The actual passage is pretty self-explanatory. In our decadent culture, of course, the first hurdle we have to get over is the idea of pre-marital sexual abstinence. It’s not quaint and outmoded; rather, it’s God’s plan for our lives. Why? Because (as I’ve said before) the marriage of a man and a woman is a metaphor for Yahweh’s relationship with His people. He won’t share our affections with false gods—He wants His bride pure and spotless, undefiled by compromise with the world. That leaves us in a bit of a pickle, doesn’t it? All of us have sinned and therefore fall short of the glory of God. None of us are “spotless bride” material. The old joke asks, “What’s the difference between a pregnant woman and a light bulb? You can unscrew a light bulb.” If you’ll pardon the crude metaphor, we have all been “screwed” by Satan—we’ve all allowed ourselves to become defiled. But Yahshua can “unscrew” us. It requires a miracle of love, redemption, and sacrifice, but if we’ll let Him, He will restore our purity and take us as His bride.  


(76) A man may not divorce his wife concerning whom he has published an evil report about her unchastity before marriage.

“…He cannot divorce her all his days.” (Deuteronomy 22:19)

This is one more contrived rabbinical restatement designed to let them arrive at the requisite number of affirmative and negative mitzvot.
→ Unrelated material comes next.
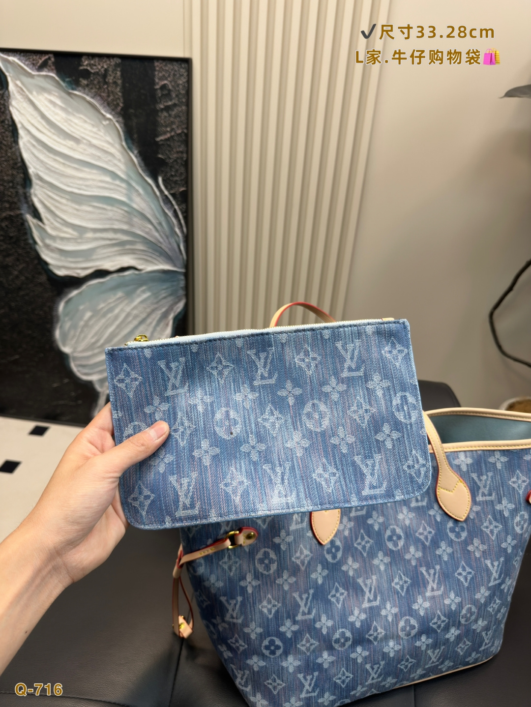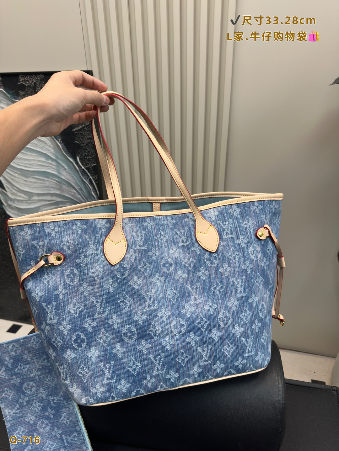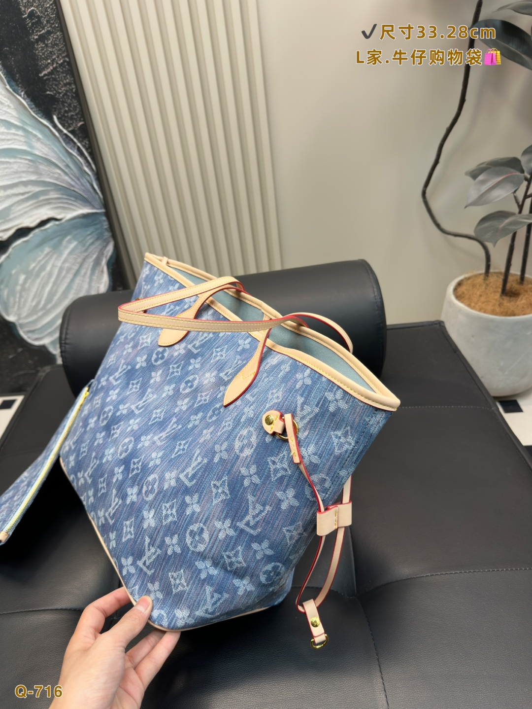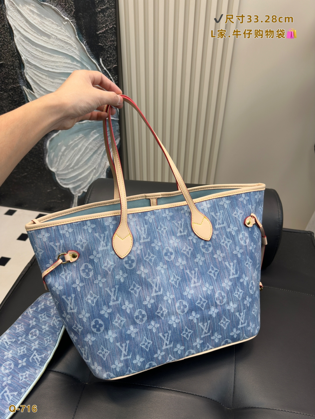 LV Neverfull denim tote bag. I never understood the appeal of the classic NF bag before. The LV Neverfull is arguably one of Louis Vuitton's most iconic bag styles and is often the first luxury bag or first LV bag choice for many. I didn't use it much before, thinking it was too big or a bit outdated and hard to style. Until one day, I took an LV scarf that I originally bought as part of a purchase requirement and tied it onto the NF bag—suddenly, it looked incredibly beautiful! The main compartment is perfect for holding touch-up makeup, and the space is super spacious and practical. The thin straps look great whether worn on the shoulder or carried by hand. A classic is truly a classic—no matter how much time passes, it always feels timeless and intriguing. It's a highly valuable LV piece.

They missed (okay, they purposely ignored) a golden opportunity here, however. The Deuteronomy passage quoted in #75 goes on to state the consequences if the bride is guilty: “But if the thing is true, and evidences of virginity are not found for the young woman, then they shall bring out the young woman to the door of her father’s house, and the men of her city shall stone her to death with stones, because she has done a disgraceful thing in Israel, to play the harlot in her father’s house. So you shall put away the evil from among you.” (Deuteronomy 22:20-21) A man who accused his bride of unchastity in Israel, in other words, had to be prepared to either live with her all his life or see her stoned to death. In other words, one did not make such accusations lightly. A truly loving husband, it seems to me, would rather cover his bride’s failings, forgiving her of her past sins, than see her stoned to death. In fact, this compassionate attitude is exactly how Yahweh treats us if we ask Him for mercy. If we do not, however, we must face judgment.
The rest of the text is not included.